I asked T what kind of person I was to make the decision easier, but all she had to offer was criticism, so… (Yeah, she’s changing. I’m not sure what to think.) What am I, mom? Am I a people person? Am I really creative? Do I have the work ethic to get a solid degree in Engineering? I’m learning to work harder, but also to broaden my mind, possibly beyond what I may consider a confining, "logical" profession. Argh! I wish missionary work made money. Then at least I wouldn’t have to decide.

For now, I’m fat and happy (fat only in the spiritual sense). Just finished making a Christmas tape w/ Bing Crosby, John Denver, Mormon Tab, and the works. Even Gene Autry and Eartha Kitt ["Santa Baby"? On my mission? Shame on me]. And I’m eating my spontaneous M&C creation (a bit of mac, a bit of cheese, till it looks right – a BIG pot of it). Ahhh. A relaxing P-day at last. Only because the Assistant to the President said we couldn’t go to Birmingham as a district.

Christmas time is nice here too, it’s nice to know. A local radio station has a Santa sleigh drive down (pulled by a John Deere) every street in the area, blaring carols on loudspeakers and sending runners to the houses to collect money for charity. I took some pictures to prove to sis that he’s a world-wide thing. Weird: had to use a flash at 4pm (sun sets at 3.30).

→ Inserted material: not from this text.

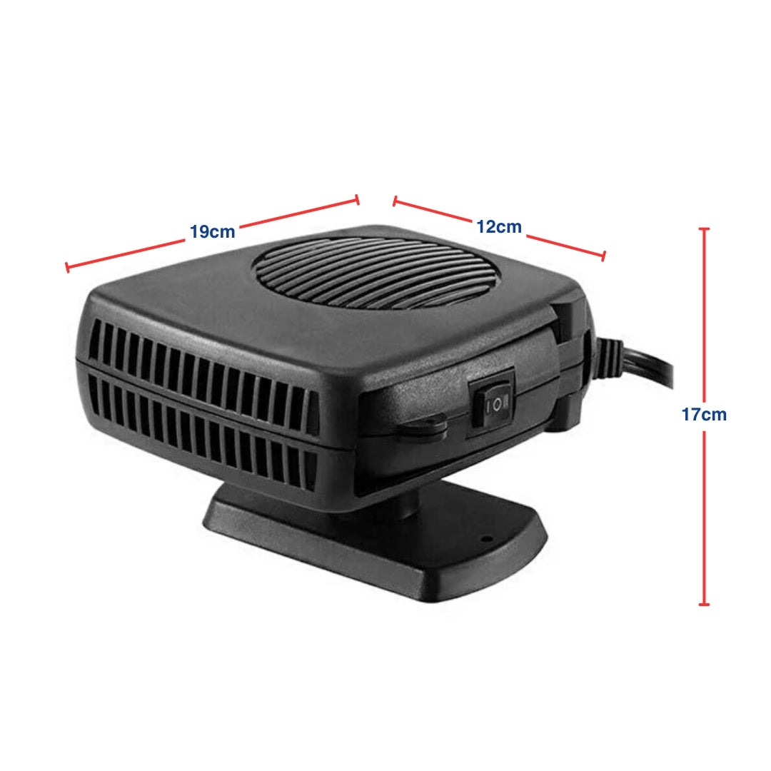 Ogrzewacz ma wymiary około 19 × 12 × 17 cm, a przewód zasilający mierzy około 140 cm, co ułatwia ustawienie go w wygodnym miejscu w większości kabin samochodów.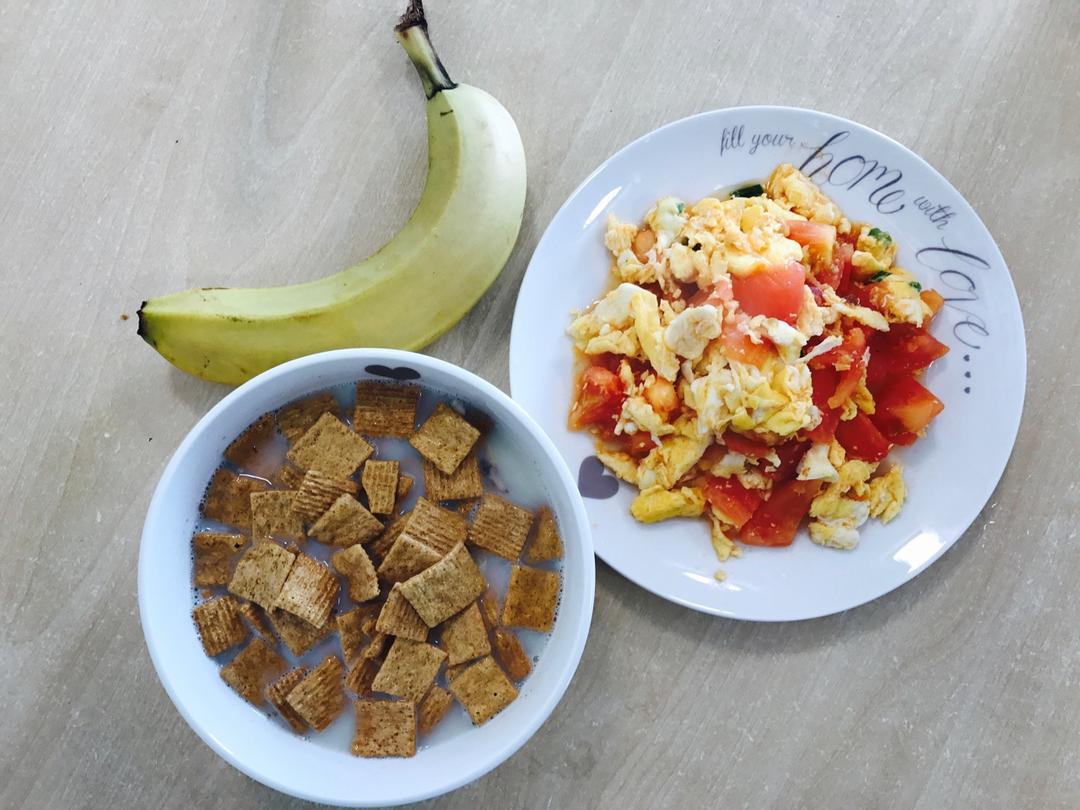 牛奶麦片+番茄炒蛋+水果

Hope you got the message that I’d like you to mail my US Christmas cards. A lot cheaper that way. And faster. I don’t know what you had in mind for Christmas presents or what have you, but suits are real cheap here. For the same price I got that dark suit (on sale), I can get the suit of my dreams (double-breasted, all wool) at regular price – cheaper when the January sales start. There’s so much to buy here. It’s a test for me, for sure. More music and clothes than… I don’t know, but it’s distracting. You’d love it too. The public markets (traveling) sell good stuff that’s actually in style and all. I’m so worldly. I’m glad I have a tight budget.

I should go. Doubt this’ll reach you by Christmas, actually. Hope all is Christmas-y.